Marshall Thundering Herd
- Title: Wide receivers coach

Personal information
- Born: October 4, 1983 (age 42) Warner Robins, Georgia, U.S.
- Height: 5 ft 10 in (1.78 m)
- Weight: 196 lb (89 kg)

Career information
- High school: Northside (Warner Robins)
- College: Clemson
- NFL draft: 2007: 7th round, 235th overall pick

Career history

Playing
- New York Jets (2007–2009); Cleveland Browns (2009–2010); Arizona Cardinals (2011); Toronto Argonauts (2012)*;
- * Offseason and/or practice squad member only

Coaching
- Clemson (2019) Graduate assistant; Clemson (2020) Offensive player development; Baylor (2021) Wide receivers coach; Notre Dame (2022–2023) Wide receivers coach; Marshall (2025–present) Wide receivers coach;

Awards and highlights
- 2× First-team All-ACC (2005, 2006);

Career NFL statistics
- Receptions: 106
- Receiving yards: 1,062
- Receiving touchdowns: 5
- Stats at Pro Football Reference

= Chansi Stuckey =

American football player and coach (born 1983)

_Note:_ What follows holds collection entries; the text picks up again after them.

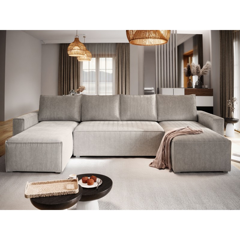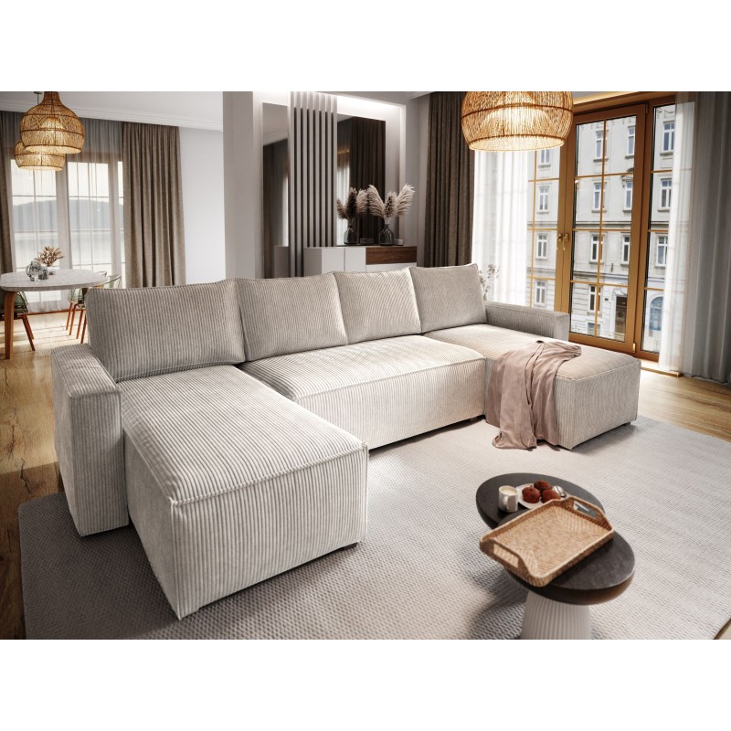 Masseno Narożnik ASPRA z funkcją spania i pojemnikiem na pościel Narozniki U, Rozkładana sofa - Kremowy, POSO 100
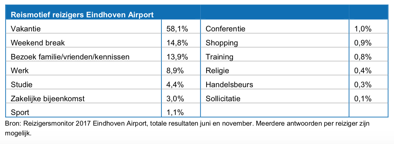 Bijna driekwart van de passagiers vliegt vanaf Eindhoven vanwege een vakantie of weekendbreak. Zo’n 12% heeft zakelijke reisdoelen. Eindhoven Airport is in tien jaar tijd drie keer zo groot geworden in termen van het aantal passagiers en ruim verdubbeld in het aantal vliegtuigbewegingen. In 2017 handelde de luchthaven zo’n 5,7 miljoen passagiers af. Er zijn meerdere passagiersprofielen te onderscheiden die allemaal zorgen voor de huidige economische betekenis van de luchthaven. Uit het onderzoek:
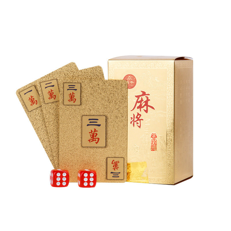 Golden Mahjong poker Home mini portable personality creative matte waterproof PVC plastic advanced Mahjong solitaire
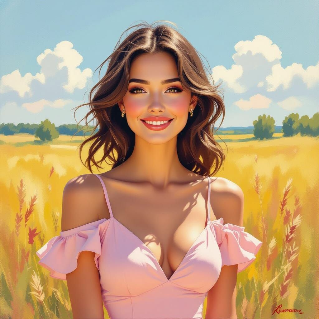 A vibrant oil painting of a smiling Russian woman in a pink dress, standing in a sunlit field. The artwork features bold colors and thick brushstrokes in an impasto style.
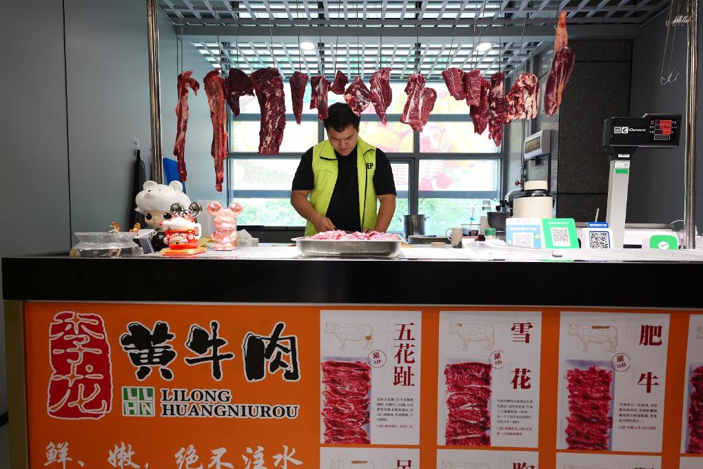 吊龙、匙仁、五花趾……龙泰吉边切边给顾客介绍得清清楚楚,在推出了代炒服务后,他还组建立起了微信会员群。“现在大部分顾客都是从网上下单,有时间就过来拿,没时间我们就炒好给送到家里去。”龙泰吉说,现在摊位的收支基本平衡,后续打算聘请专业厨师为顾客代炒,可能会收取一定的代炒和配送服务费。
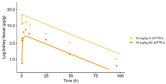 Model-simulated kidney tissue distribution vs. observed data for GalNAc-siRNA targeting transthyretin protein (SITTR-2). Solid line represents model simulation, and dots represent observed data points. Orange line represents 10 mg/kg of subcutaneously administered SITTR-2, and yellow line represents 10 mg/kg of intravenously administered SITTR-2.
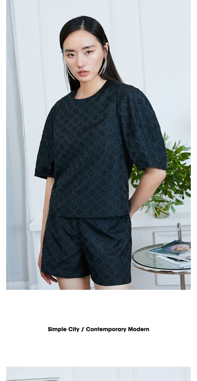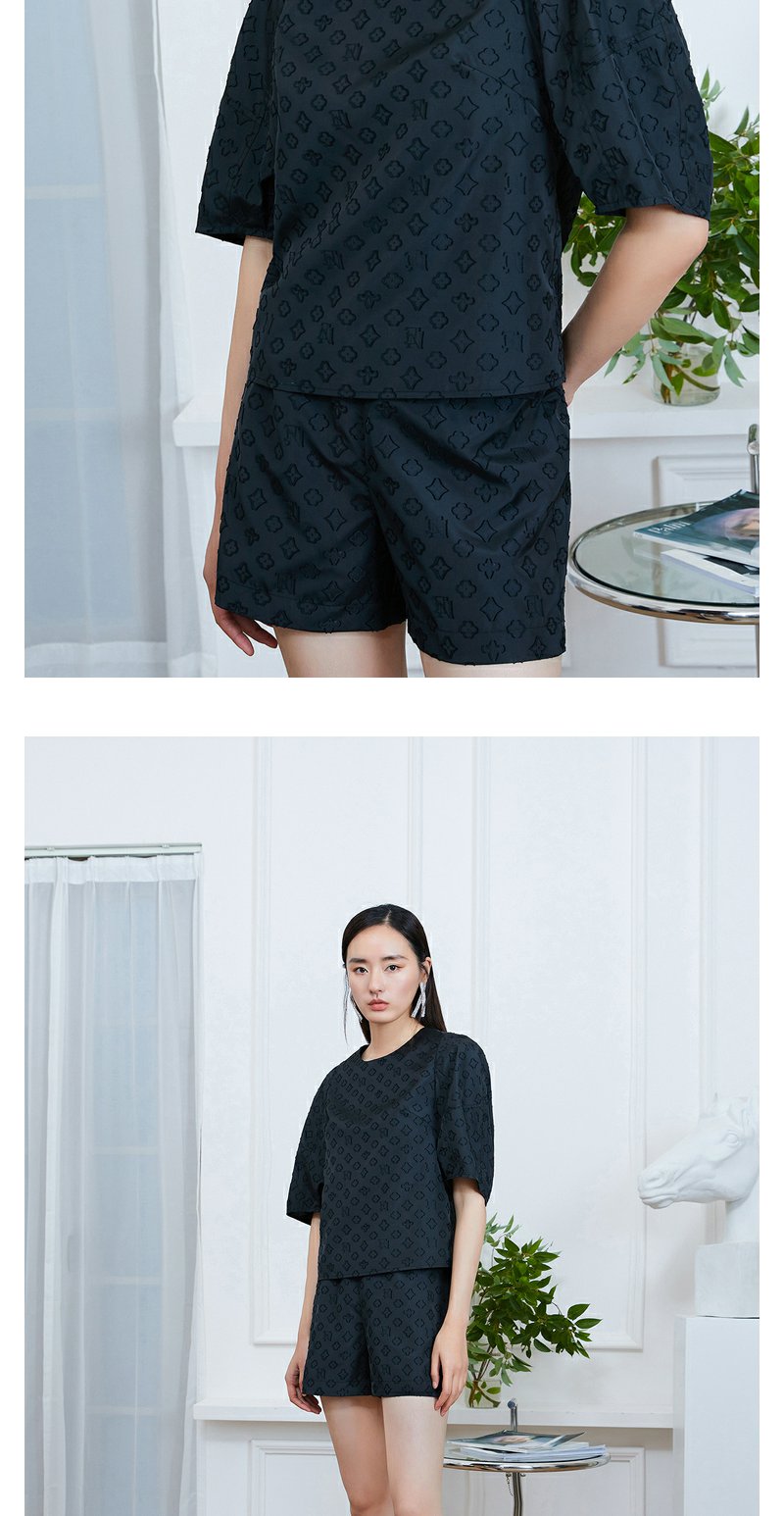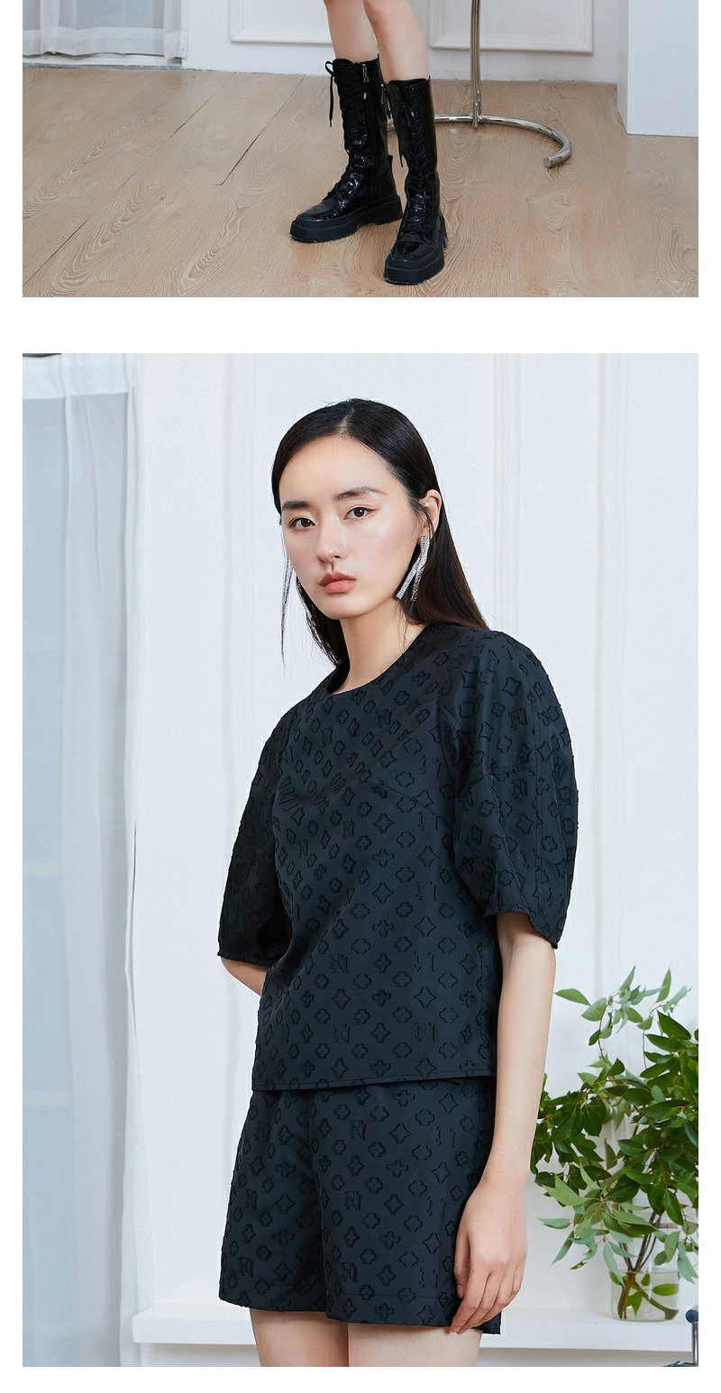 NEELLY纳俪商场同款圆领上衣+五分裤两件套盐系炸街老花暗纹套装N22074Z04401
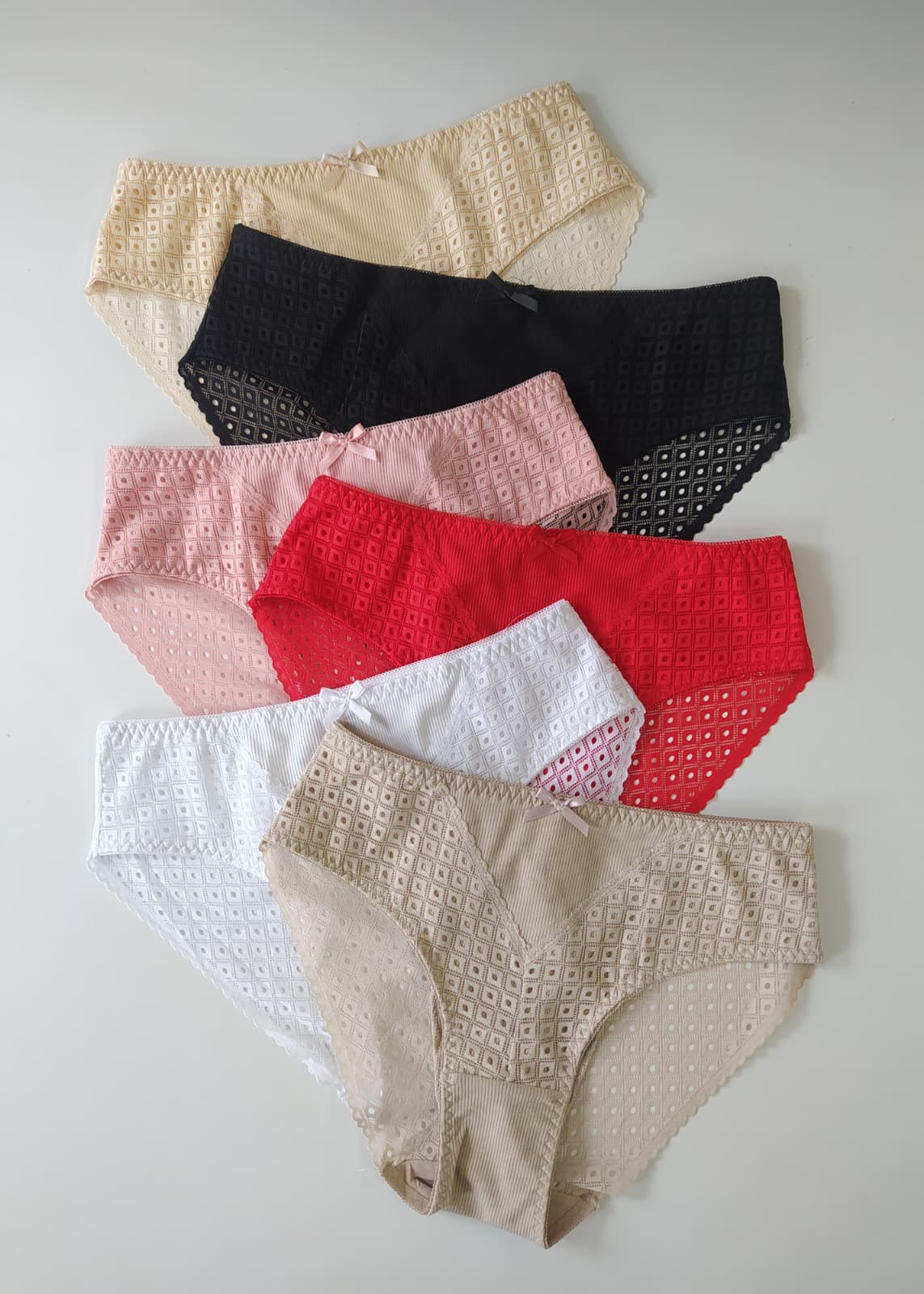 Majtki Calista – bawełniane, wysoki stan, prążkowane, wzór w romby, koronka

Chansi V. Stuckey (born October 4, 1983) is an American former professional football player who was a wide receiver in the National Football League (NFL). He was selected by the New York Jets in the seventh round of the 2007 NFL draft. He played college football for the Clemson Tigers. Stuckey also played for the Cleveland Browns and the Arizona Cardinals. He then served as wide receivers coach at Baylor and Notre Dame.

==Professional career==

===New York Jets===
Stuckey was selected in the seventh round (235th overall) of the 2007 NFL draft by the New York Jets. After a promising preseason performance with 11 receptions, he sat out the entire 2007 regular season due to a broken foot. He started at the wide receiver position for the Jets in 2008. In each of the Jets' first three games, he caught touchdown passes from quarterback Brett Favre. Stuckey also caught Mark Sanchez's first career NFL touchdown against the Houston Texans in Week 1 of the 2009 NFL season.

===Cleveland Browns===
On October 7, 2009, Stuckey was traded to the Cleveland Browns, along with Jason Trusnik, and third and fifth round draft picks in the 2010 NFL draft. The Jets received Braylon Edwards.

===Arizona Cardinals===
Stuckey was signed by the Arizona Cardinals on July 29, 2011. He was released on March 16, 2012.

===Toronto Argonauts===
On October 17, 2012, Stuckey was signed by the Toronto Argonauts of the Canadian Football League. He was released by the team on November 10, 2012.

==Coaching career==
After his playing career ended, Stuckey was named a video graduate assistant at his alma mater Clemson in 2019. He was promoted to an offensive player development coach in 2020.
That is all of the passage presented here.